Over the past year, Secretary of Health and Human Services (HHS) Robert F. Kennedy Jr. fully replaced members of the Advisory Committee on Immunization Practices (ACIP), with significant consequences for how the body reviews evidence and makes recommendations. ACIP’s recommendations fall into three categories: universal, risk-based, and shared clinical decision-making (SCDM). In a break with past practice, ACIP has begun removing universal recommendations from some vaccines and, without new evidence, effectively downgrading them to an SCDM designation. The remaking of ACIP and the dramatic changes to recommendations drew swift criticism from public health groups, followed by litigation. In March 2026, a federal district court paused the ACIP changes, including the SCDM recommendations. HHS has appealed, but the lawsuit is still in early stages, with final resolution likely years away.
ACIP’s decisions are important not only because they guide public health practice. Its recommendations also directly affect access to care and insurance coverage because they are embedded in the Affordable Care Act’s (ACA) coverage requirements and in an array of state public health statutes. While the ACA requires coverage of all ACIP-recommended vaccines, including those recently given an SCDM recommendation, experience suggests that ACIP’s approach is likely to cause confusion and create barriers to vaccine access.
What Is Shared Clinical Decision-Making?
The American Medical Association defines shared clinical decision-making as a collaborative process that balances clinical evidence and patient values to help the patient make an informed treatment choice. Historically, SCDM has been used to identify a care plan when a course of treatment comes with significant risks alongside benefits, and the approach may be valuable when there isn’t a clear, evidence-based course of action.

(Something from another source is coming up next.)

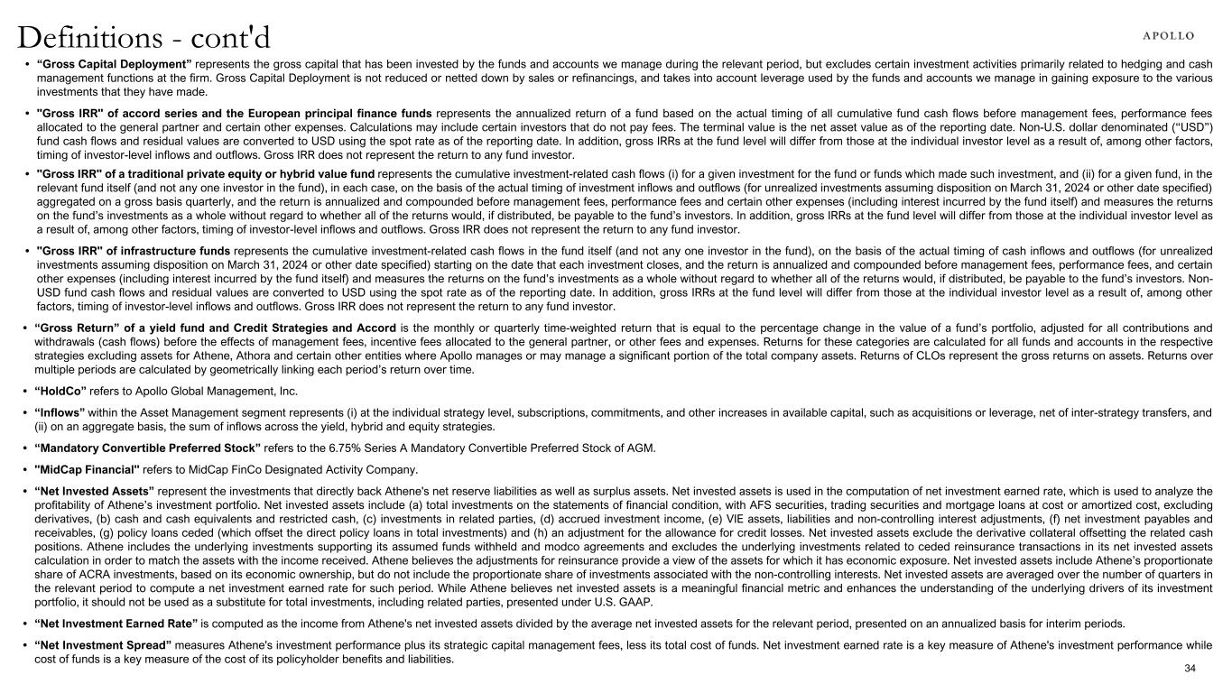• “Gross Capital Deployment” represents the gross capital that has been invested by the funds and accounts we manage during the relevant period, but excludes certain investment activities primarily related to hedging and cash management functions at the firm. Gross Capital Deployment is not reduced or netted down by sales or refinancings, and takes into account leverage used by the funds and accounts we manage in gaining exposure to the various investments that they have made. • "Gross IRR" of accord series and the European principal finance funds represents the annualized return of a fund based on the actual timing of all cumulative fund cash flows before management fees, performance fees allocated to the general partner and certain other expenses. Calculations may include certain investors that do not pay fees. The terminal value is the net asset value as of the reporting date. Non-U.S. dollar denominated (“USD”) fund cash flows and residual values are converted to USD using the spot rate as of the reporting date. In addition, gross IRRs at the fund level will differ from those at the individual investor level as a result of, among other factors, timing of investor-level inflows and outflows. Gross IRR does not represent the return to any fund investor. • "Gross IRR" of a traditional private equity or hybrid value fund represents the cumulative investment-related cash flows (i) for a given investment for the fund or funds which made such investment, and (ii) for a given fund, in the relevant fund itself (and not any one investor in the fund), in each case, on the basis of the actual timing of investment inflows and outflows (for unrealized investments assuming disposition on March 31, 2024 or other date specified) aggregated on a gross basis quarterly, and the return is annualized and compounded before management fees, performance fees and certain other expenses (including interest incurred by the fund itself) and measures the returns on the fund’s investments as a whole without regard to whether all of the returns would, if distributed, be payable to the fund’s investors. In addition, gross IRRs at the fund level will differ from those at the individual investor level as a result of, among other factors, timing of investor-level inflows and outflows. Gross IRR does not represent the return to any fund investor. • "Gross IRR" of infrastructure funds represents the cumulative investment-related cash flows in the fund itself (and not any one investor in the fund), on the basis of the actual timing of cash inflows and outflows (for unrealized investments assuming disposition on March 31, 2024 or other date specified) starting on the date that each investment closes, and the return is annualized and compounded before management fees, performance fees, and certain other expenses (including interest incurred by the fund itself) and measures the returns on the fund’s investments as a whole without regard to whether all of the returns would, if distributed, be payable to the fund’s investors. Non- USD fund cash flows and residual values are converted to USD using the spot rate as of the reporting date. In addition, gross IRRs at the fund level will differ from those at the individual investor level as a result of, among other factors, timing of investor-level inflows and outflows. Gross IRR does not represent the return to any fund investor. • “Gross Return” of a yield fund and Credit Strategies and Accord is the monthly or quarterly time-weighted return that is equal to the percentage change in the value of a fund’s portfolio, adjusted for all contributions and withdrawals (cash flows) before the effects of management fees, incentive fees allocated to the general partner, or other fees and expenses. Returns for these categories are calculated for all funds and accounts in the respective strategies excluding assets for Athene, Athora and certain other entities where Apollo manages or may manage a significant portion of the total company assets. Returns of CLOs represent the gross returns on assets. Returns over multiple periods are calculated by geometrically linking each period’s return over time. • “HoldCo” refers to Apollo Global Management, Inc. • “Inflows” within the Asset Management segment represents (i) at the individual strategy level, subscriptions, commitments, and other increases in available capital, such as acquisitions or leverage, net of inter-strategy transfers, and (ii) on an aggregate basis, the sum of inflows across the yield, hybrid and equity strategies. • “Mandatory Convertible Preferred Stock” refers to the 6.75% Series A Mandatory Convertible Preferred Stock of AGM. • "MidCap Financial" refers to MidCap FinCo Designated Activity Company. • “Net Invested Assets” represent the investments that directly back Athene's net reserve liabilities as well as surplus assets. Net invested assets is used in the computation of net investment earned rate, which is used to analyze the profitability of Athene’s investment portfolio. Net invested assets include (a) total investments on the statements of financial condition, with AFS securities, trading securities and mortgage loans at cost or amortized cost, excluding derivatives, (b) cash and cash equivalents and restricted cash, (c) investments in related parties, (d) accrued investment income, (e) VIE assets, liabilities and non-controlling interest adjustments, (f) net investment payables and receivables, (g) policy loans ceded (which offset the direct policy loans in total investments) and (h) an adjustment for the allowance for credit losses. Net invested assets exclude the derivative collateral offsetting the related cash positions. Athene includes the underlying investments supporting its assumed funds withheld and modco agreements and excludes the underlying investments related to ceded reinsurance transactions in its net invested assets calculation in order to match

ACIP formally adopted an SCDM category for vaccine recommendations in 2019, replacing a “permissive” category. Until last year, ACIP had used SCDM infrequently and narrowly, when the benefits and risks of a vaccine for a specific group were less clear. For example, the meningococcal B vaccine received an SCDM recommendation in 2015 because of short-term vaccine effectiveness and low disease prevalence. Yet even this limited use of SCDM recommendations for vaccines generated confusion and misunderstanding for providers, patients, and payers, including about whether the vaccines were covered by insurance.